* [Data provided]:
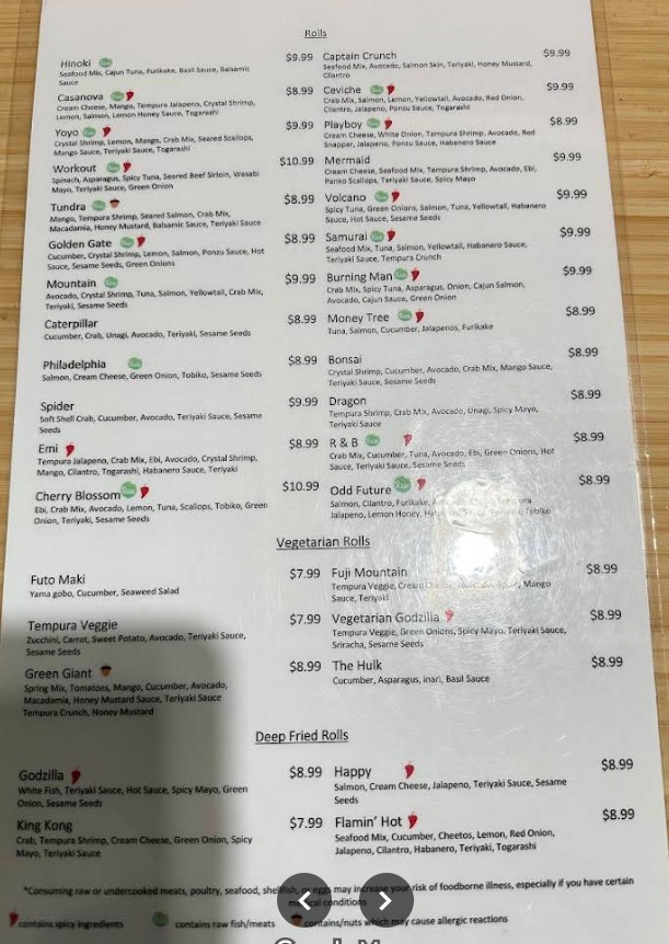 Headline on the newsflash: Vegetarian options are quality 🤌 I know, I know, people come here for the fish, and trust me, my fish-eating-friends had an insane 5-star experience with the food quality, but I’m here to speak up for the friends who go out and DON’T want to eat fish, maybe for your friends who don’t want to try sushi because of the fish. We chose this place so both my friends and I could have variety, and we thoroughly enjoyed the whole night. Green Giant was the bombest. Fuji Mountain was sweet. Vegetarian Godzilla was spicy and crispy. Bonus to the whole ‘food experience’ the staff were genuinely chill and friendly. In a way that I can’t explain, them alone would make me go back again. (My friends recommend the Mickey Mouse as the must-try for fish people.)
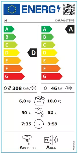 Πλυντήριο / Στεγνωτήριο Ρούχων LG D4R7010TSWB 10kg / 6kg Ατμού 1400 Στροφές με Wi-Fi
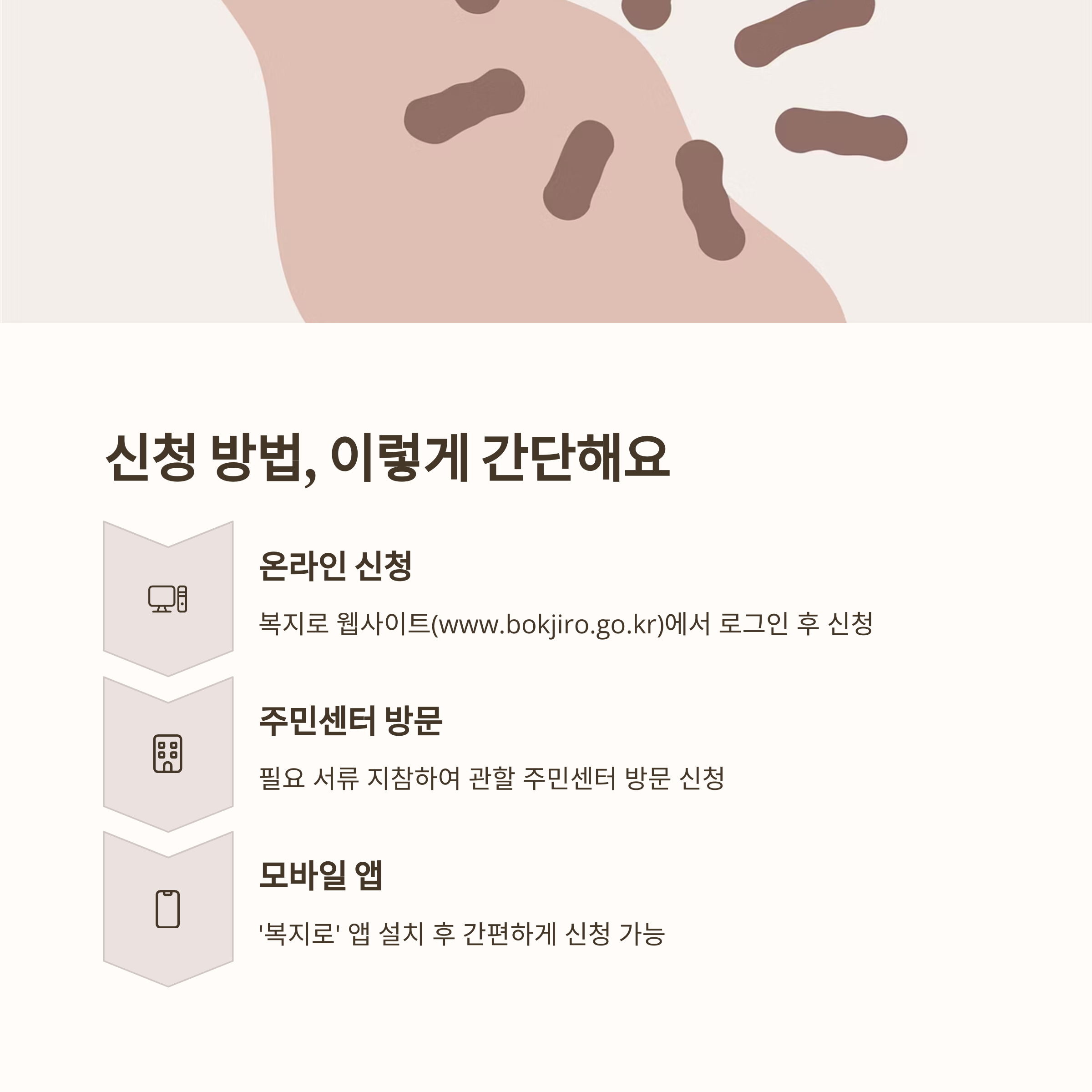 모바일 앱으로도 간편하게 신청할 수 있는데요. ‘복지로’ 모바일 앱을 설치 후 로그인하면 온라인과 동일한 절차로 신청할 수 있으며, 진행 상황도 알림으로 빠르게 확인할 수 있어 더욱 편리합니다.
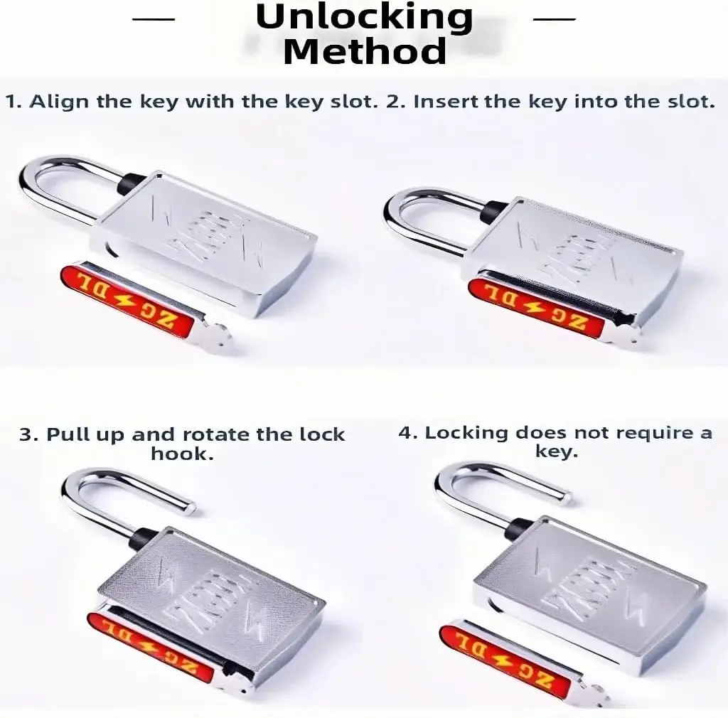 ·Keyless Hole Innovation: Experience next-level convenience with our magnetic padlock featuring a completely keyless design. By eliminating the keyhole, we've removed the entry point for dust, dirt, and tampering—offering a modern, secure locking solution that operates smoothly in any environment.
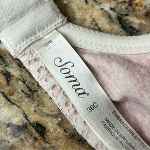 Soma 36C Embraceable Demi Lace Trim Bra Pink Underwire
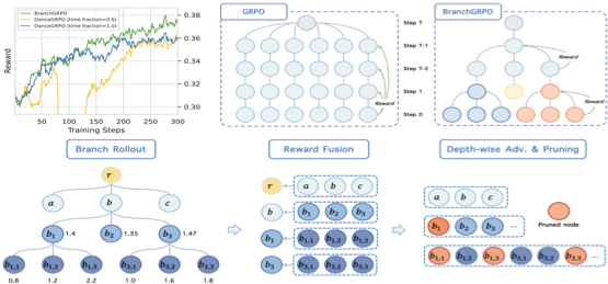 BranchGRPO: Stable and Efficient GRPO with Structured Branching in Diffusion Models Yuming Li*, Yikai Wang*, Yuying zhu, Zhongyu Zhao, Ming Lu, Qi She, Shanghang Zhang International Conference on Learning Representations (ICLR), 2026 [paper] [arxiv] [code] [bibtex] |
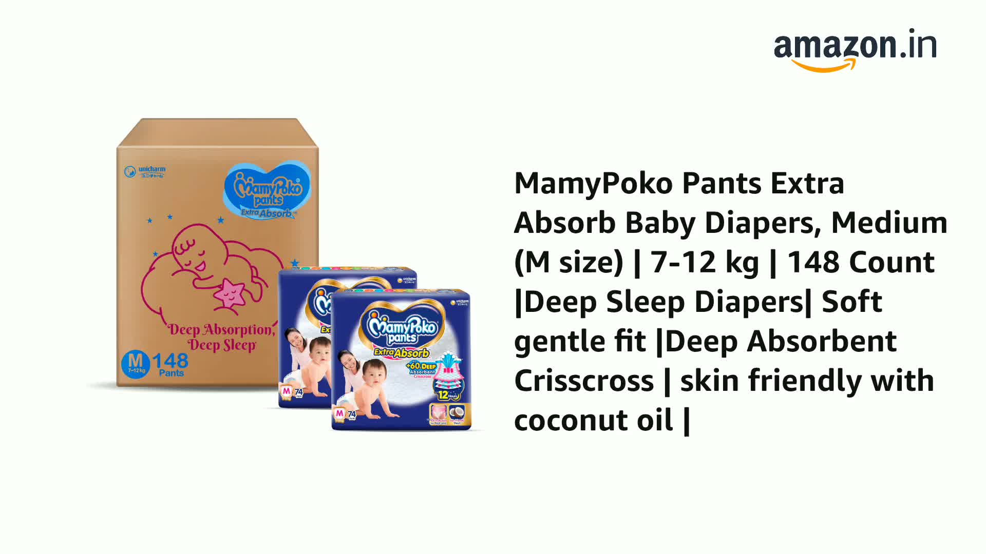 MamyPoko Pants Extra Absorb Baby Diapers, Medium (M size) | 7-12 kg | 148 Count |Deep Sleep Diapers| Soft gentle fit |Deep Absorbent Crisscross | skin friendly with coconut oil |
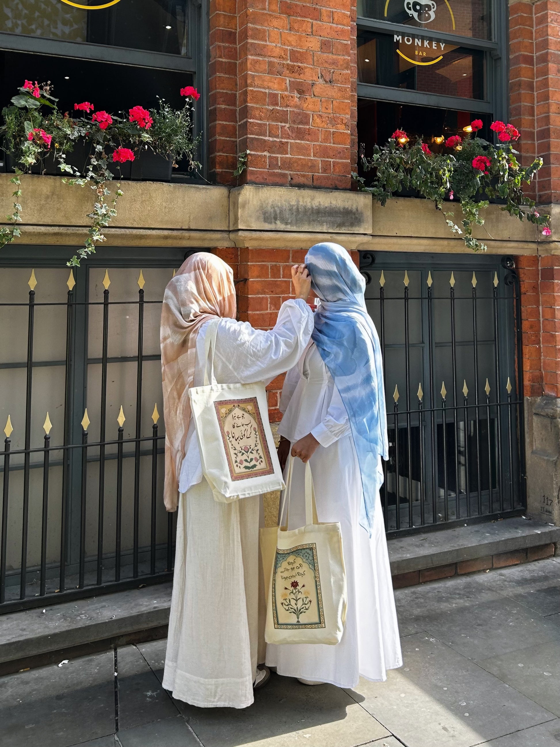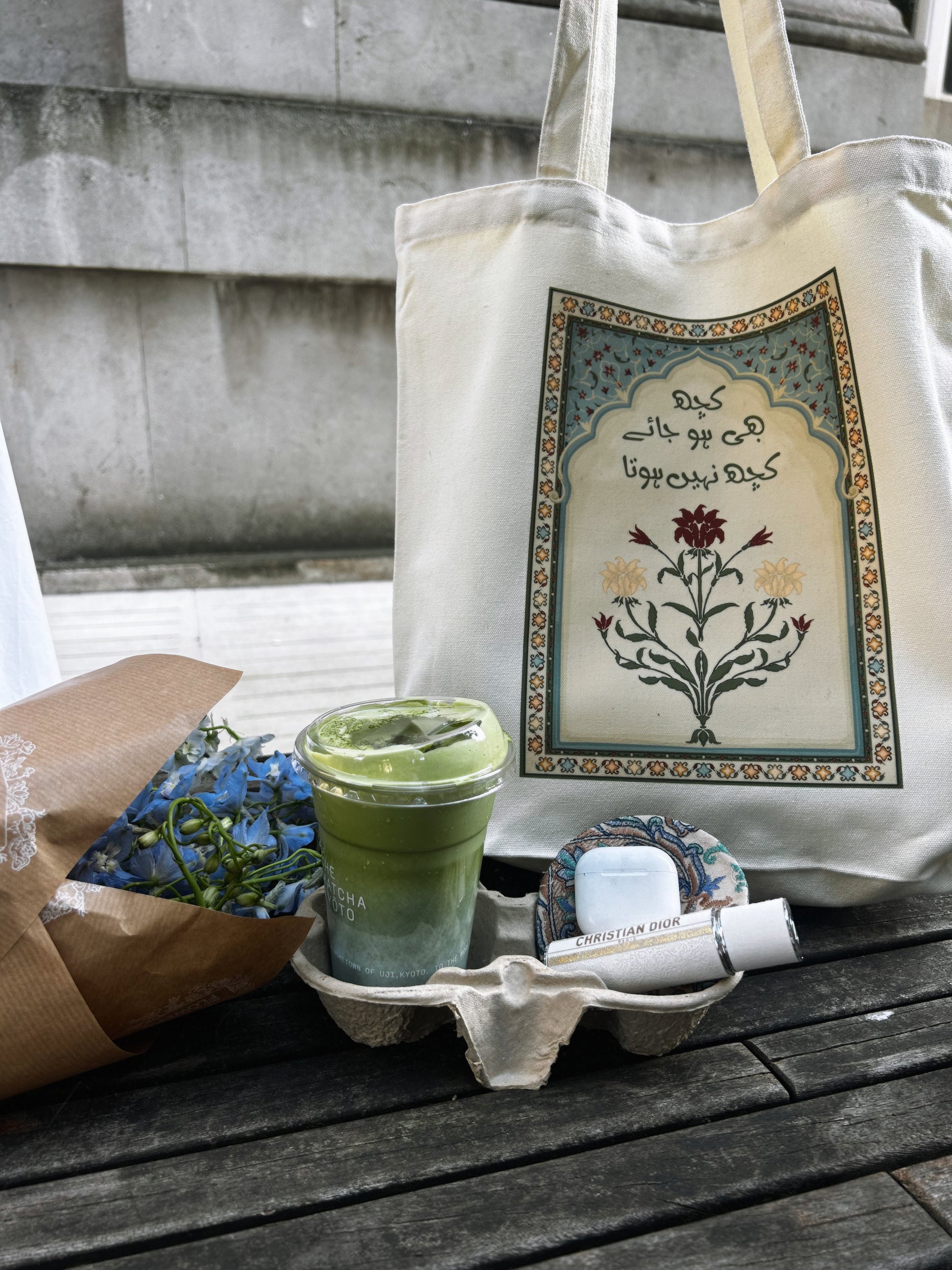Inspired by the elegance of Mughal art and the poetic rhythm of Urdu, both totes are ethically crafted from sturdy cotton with reinforced cross-stitched handles. Whether you carry it to your morning chai run or a long day on campus, each bag tells a story of strength, grace, and a love for all things desi.

* [Your task]: When copying the entries above, keep each word as it is and exclude any image.

* [Task answer]:
 Headline on the newsflash: Vegetarian options are quality 🤌 I know, I know, people come here for the fish, and trust me, my fish-eating-friends had an insane 5-star experience with the food quality, but I’m here to speak up for the friends who go out and DON’T want to eat fish, maybe for your friends who don’t want to try sushi because of the fish. We chose this place so both my friends and I could have variety, and we thoroughly enjoyed the whole night. Green Giant was the bombest. Fuji Mountain was sweet. Vegetarian Godzilla was spicy and crispy. Bonus to the whole ‘food experience’ the staff were genuinely chill and friendly. In a way that I can’t explain, them alone would make me go back again. (My friends recommend the Mickey Mouse as the must-try for fish people.)
 Πλυντήριο / Στεγνωτήριο Ρούχων LG D4R7010TSWB 10kg / 6kg Ατμού 1400 Στροφές με Wi-Fi
 모바일 앱으로도 간편하게 신청할 수 있는데요. ‘복지로’ 모바일 앱을 설치 후 로그인하면 온라인과 동일한 절차로 신청할 수 있으며, 진행 상황도 알림으로 빠르게 확인할 수 있어 더욱 편리합니다.
 ·Keyless Hole Innovation: Experience next-level convenience with our magnetic padlock featuring a completely keyless design. By eliminating the keyhole, we've removed the entry point for dust, dirt, and tampering—offering a modern, secure locking solution that operates smoothly in any environment.
 Soma 36C Embraceable Demi Lace Trim Bra Pink Underwire
 BranchGRPO: Stable and Efficient GRPO with Structured Branching in Diffusion Models Yuming Li*, Yikai Wang*, Yuying zhu, Zhongyu Zhao, Ming Lu, Qi She, Shanghang Zhang International Conference on Learning Representations (ICLR), 2026 [paper] [arxiv] [code] [bibtex] |
 MamyPoko Pants Extra Absorb Baby Diapers, Medium (M size) | 7-12 kg | 148 Count |Deep Sleep Diapers| Soft gentle fit |Deep Absorbent Crisscross | skin friendly with coconut oil |
Inspired by the elegance of Mughal art and the poetic rhythm of Urdu, both totes are ethically crafted from sturdy cotton with reinforced cross-stitched handles. Whether you carry it to your morning chai run or a long day on campus, each bag tells a story of strength, grace, and a love for all things desi.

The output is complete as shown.